The Saints had a strong season in Nunez's finale, as he and nine other seniors advanced to a CIF title game. In fact, Roberson said eight seniors on the team had already booked summer vacations to Hawaii set for the week of the title game in June. Two of those seniors opted to travel and the rest chose to play in the CIF final. Roberson said he understood the players who went on vacation and those who chose to play.

"That was a big dilemma. We had about eight seniors who were supposed to go to Hawaii and two went and we had the rest that decided to stay," Roberson said after the game against Bakersfield Christian. "That was hard. The kids shouldn't have been put in that situation, but the guys had goals to be CIF champions and they made the decision to play. Hawaii will be there. It was an awesome season and it's hard to make it to a CIF title game. I couldn't have asked for a better group of kids."

Nuñez was just glad to have a senior season after nearly all of his junior season was wiped out by the pandemic. 

"Honestly, it would've sucked if we didn't have our senior year," he said. "We're glad to have that and we just tried to make the most of it and win as many games as we could."

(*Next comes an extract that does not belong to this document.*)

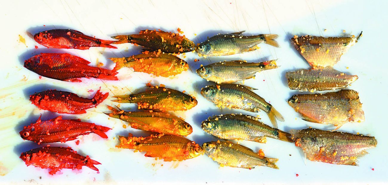 Otro aparejo que rindió muy bien fue el tradicional paternóster, con tres anzuelos y un plomito al final. En ambos sistemas empleamos anzuelos N° 1/0. En cuanto a los engaños, fueron variados: mojarras vivas, filete de dientudo, mojarras saladas, enharinadas en maíz y también filete de magrú. Además, sumamos carnadas teñidas en rojo, verde y amarillo, que resultaron atractivas.

Those who know Nuñez's story may find extra significance in his play and leadership on the diamond. Every game this year, Nuñez wore the white sweatband on his right forearm in honor of his late brother, Ivan. The band is dirty from years of use and the '22' isn't that easy to read anymore, but it's still there. Nuñez wore No. 22 at Santa Maria this spring. It was the number his brother wore when Ivan was the Saints' catcher as a freshman in 2015 and Brayan was in the sixth grade. 

"It feels good. I feel proud to wear his number and I'm trying to do as much as I can," Brayan said. "I'm trying to make my parents proud, I'm trying to make everyone proud. That's why I work hard every day — day in and day out."